Restate the full listing word for word; images stay out of it.

Data section:
********************

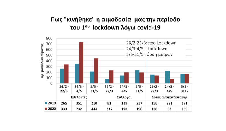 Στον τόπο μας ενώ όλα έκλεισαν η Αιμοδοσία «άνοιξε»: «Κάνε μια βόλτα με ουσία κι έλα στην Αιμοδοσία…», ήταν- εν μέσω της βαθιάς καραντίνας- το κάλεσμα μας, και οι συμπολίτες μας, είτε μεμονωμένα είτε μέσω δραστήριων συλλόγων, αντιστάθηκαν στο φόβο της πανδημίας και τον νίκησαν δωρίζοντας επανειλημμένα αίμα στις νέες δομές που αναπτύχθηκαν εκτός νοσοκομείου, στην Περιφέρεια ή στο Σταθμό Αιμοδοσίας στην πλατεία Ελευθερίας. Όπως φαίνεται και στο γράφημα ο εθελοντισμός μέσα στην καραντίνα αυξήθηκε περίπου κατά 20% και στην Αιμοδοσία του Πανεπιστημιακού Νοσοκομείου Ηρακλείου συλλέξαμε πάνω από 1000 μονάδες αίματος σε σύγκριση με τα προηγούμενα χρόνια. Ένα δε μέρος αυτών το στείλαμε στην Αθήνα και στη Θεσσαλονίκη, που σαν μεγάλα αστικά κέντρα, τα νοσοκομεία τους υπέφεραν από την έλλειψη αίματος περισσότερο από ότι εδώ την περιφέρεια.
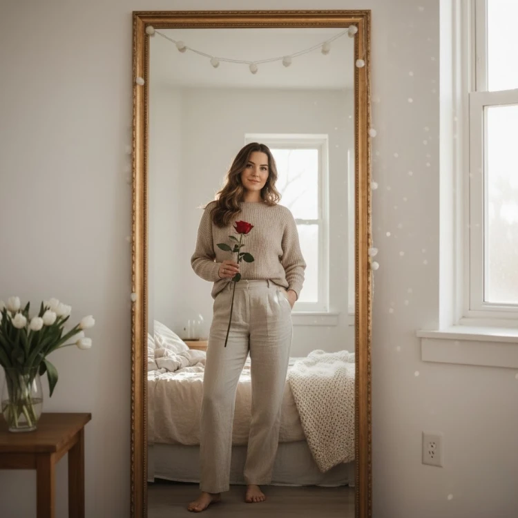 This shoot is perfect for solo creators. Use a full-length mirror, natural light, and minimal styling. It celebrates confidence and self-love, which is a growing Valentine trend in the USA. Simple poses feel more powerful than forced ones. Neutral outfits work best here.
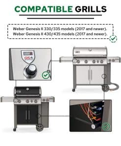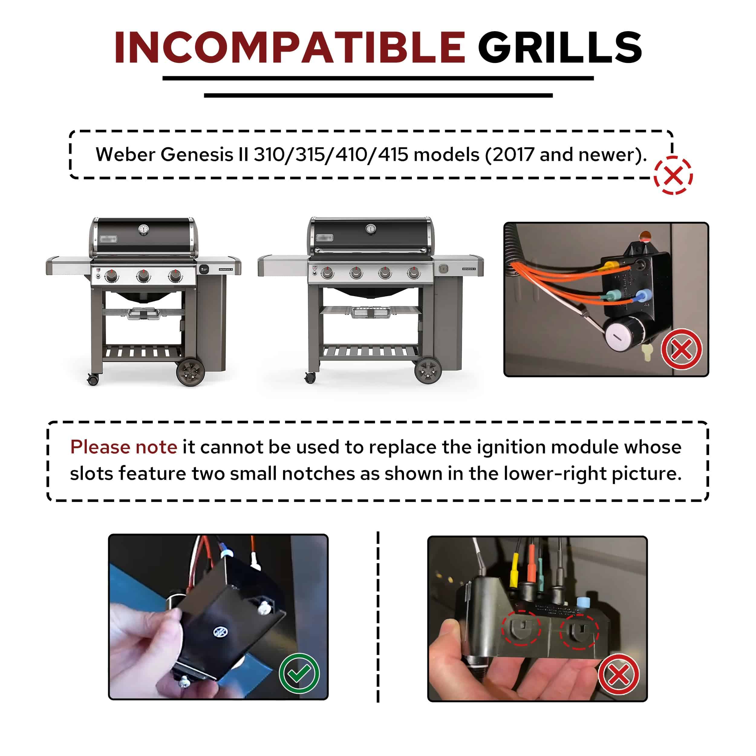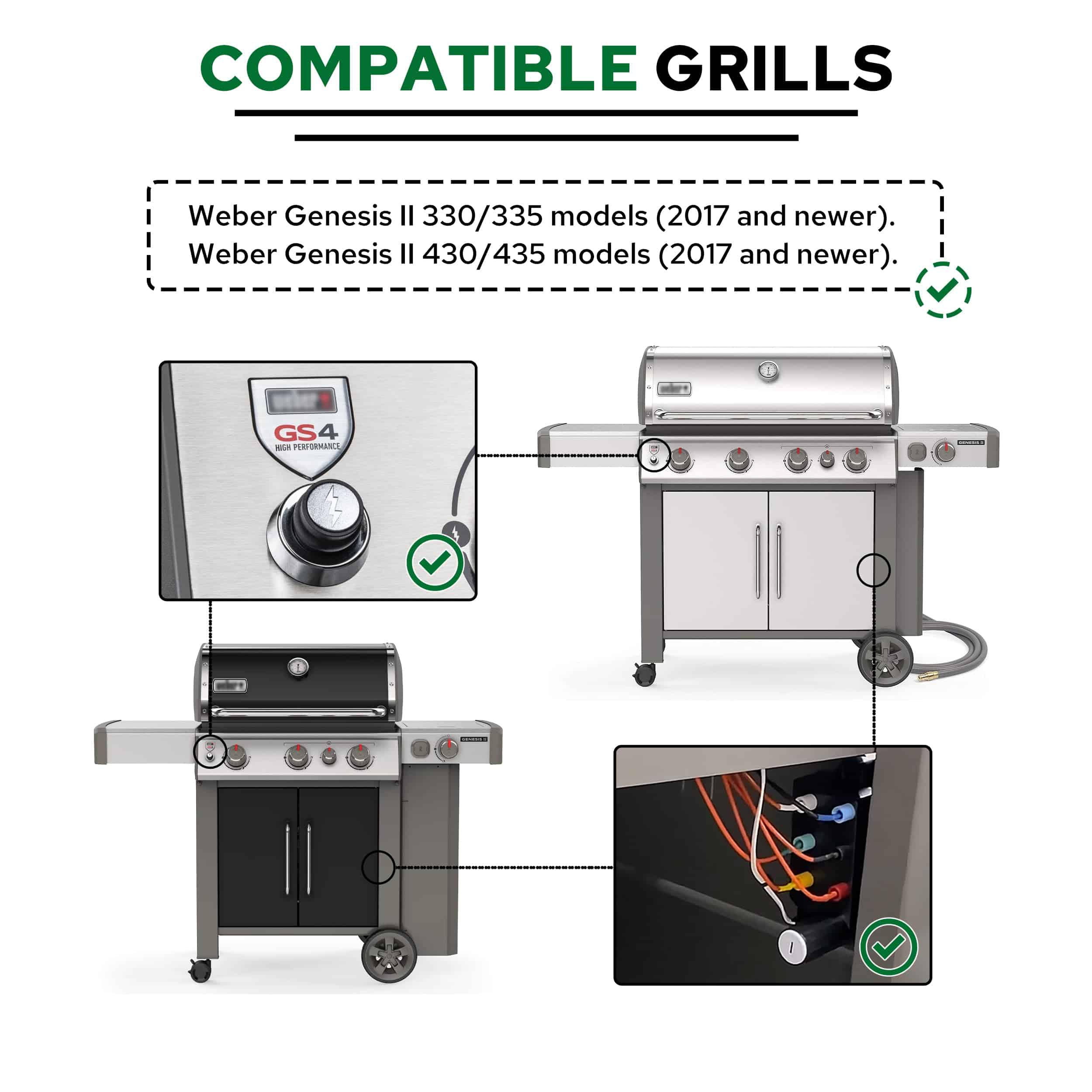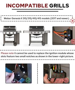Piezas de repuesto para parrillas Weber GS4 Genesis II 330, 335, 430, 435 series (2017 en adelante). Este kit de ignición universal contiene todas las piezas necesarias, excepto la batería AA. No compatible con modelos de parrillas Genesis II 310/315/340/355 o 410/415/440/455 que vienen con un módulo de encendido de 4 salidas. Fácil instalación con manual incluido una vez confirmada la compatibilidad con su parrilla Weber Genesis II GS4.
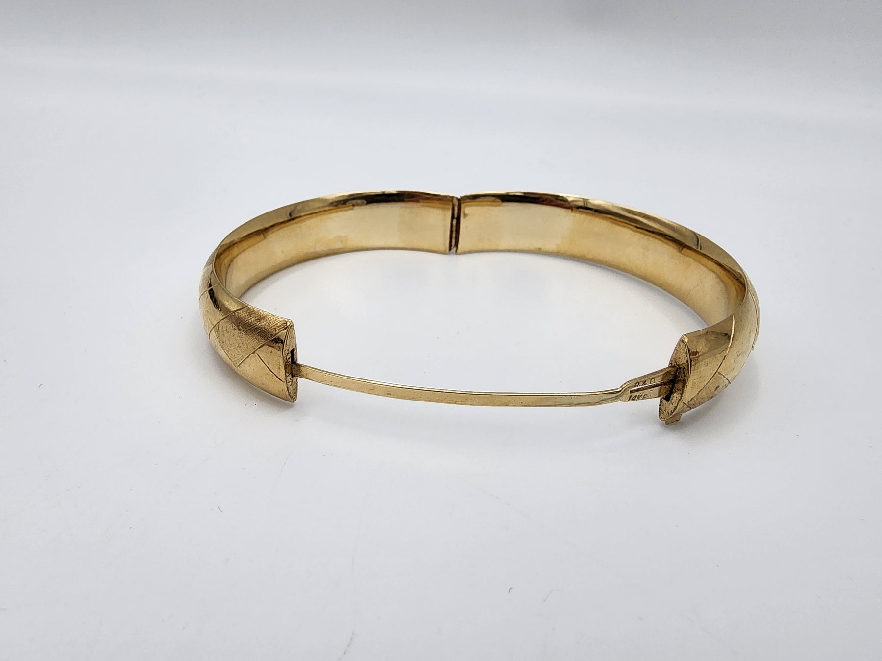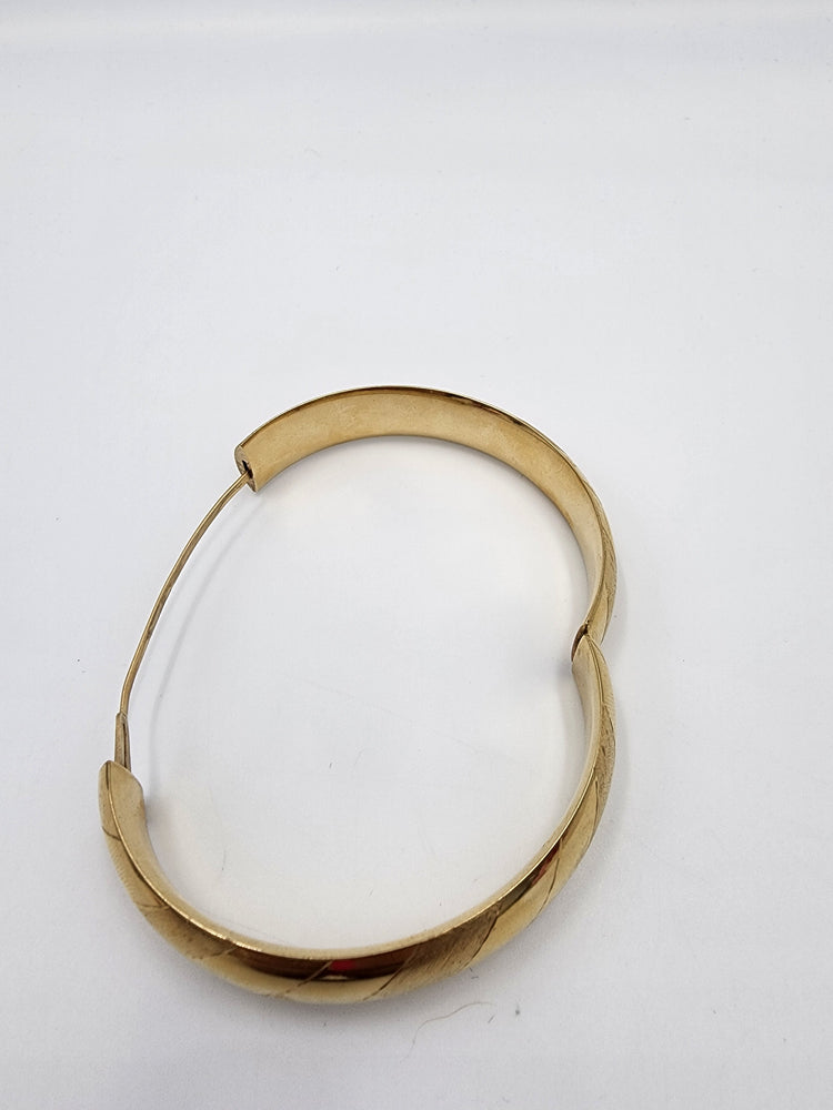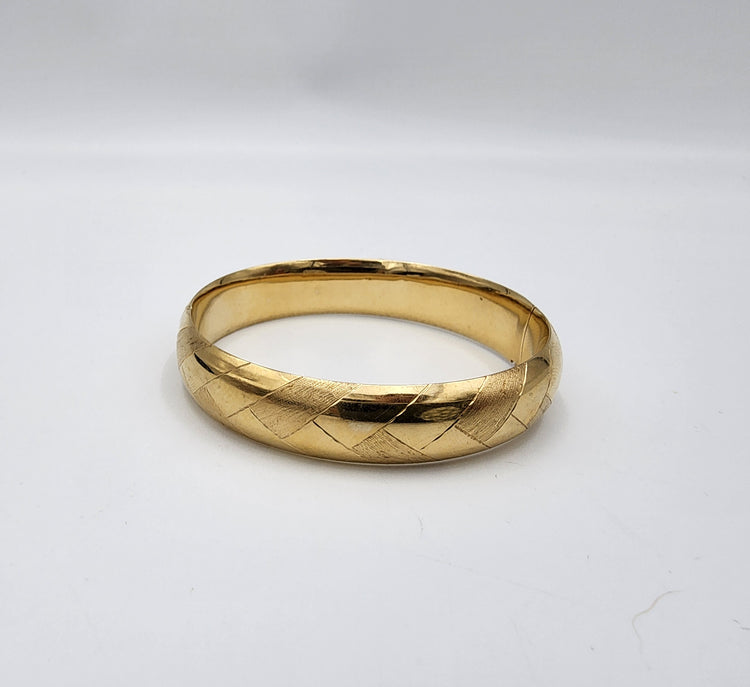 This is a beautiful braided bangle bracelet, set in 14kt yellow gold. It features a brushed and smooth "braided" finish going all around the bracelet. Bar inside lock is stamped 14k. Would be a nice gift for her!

********************

Output of the task:
 Στον τόπο μας ενώ όλα έκλεισαν η Αιμοδοσία «άνοιξε»: «Κάνε μια βόλτα με ουσία κι έλα στην Αιμοδοσία…», ήταν- εν μέσω της βαθιάς καραντίνας- το κάλεσμα μας, και οι συμπολίτες μας, είτε μεμονωμένα είτε μέσω δραστήριων συλλόγων, αντιστάθηκαν στο φόβο της πανδημίας και τον νίκησαν δωρίζοντας επανειλημμένα αίμα στις νέες δομές που αναπτύχθηκαν εκτός νοσοκομείου, στην Περιφέρεια ή στο Σταθμό Αιμοδοσίας στην πλατεία Ελευθερίας. Όπως φαίνεται και στο γράφημα ο εθελοντισμός μέσα στην καραντίνα αυξήθηκε περίπου κατά 20% και στην Αιμοδοσία του Πανεπιστημιακού Νοσοκομείου Ηρακλείου συλλέξαμε πάνω από 1000 μονάδες αίματος σε σύγκριση με τα προηγούμενα χρόνια. Ένα δε μέρος αυτών το στείλαμε στην Αθήνα και στη Θεσσαλονίκη, που σαν μεγάλα αστικά κέντρα, τα νοσοκομεία τους υπέφεραν από την έλλειψη αίματος περισσότερο από ότι εδώ την περιφέρεια.
 This shoot is perfect for solo creators. Use a full-length mirror, natural light, and minimal styling. It celebrates confidence and self-love, which is a growing Valentine trend in the USA. Simple poses feel more powerful than forced ones. Neutral outfits work best here.
Piezas de repuesto para parrillas Weber GS4 Genesis II 330, 335, 430, 435 series (2017 en adelante). Este kit de ignición universal contiene todas las piezas necesarias, excepto la batería AA. No compatible con modelos de parrillas Genesis II 310/315/340/355 o 410/415/440/455 que vienen con un módulo de encendido de 4 salidas. Fácil instalación con manual incluido una vez confirmada la compatibilidad con su parrilla Weber Genesis II GS4.
 This is a beautiful braided bangle bracelet, set in 14kt yellow gold. It features a brushed and smooth "braided" finish going all around the bracelet. Bar inside lock is stamped 14k. Would be a nice gift for her!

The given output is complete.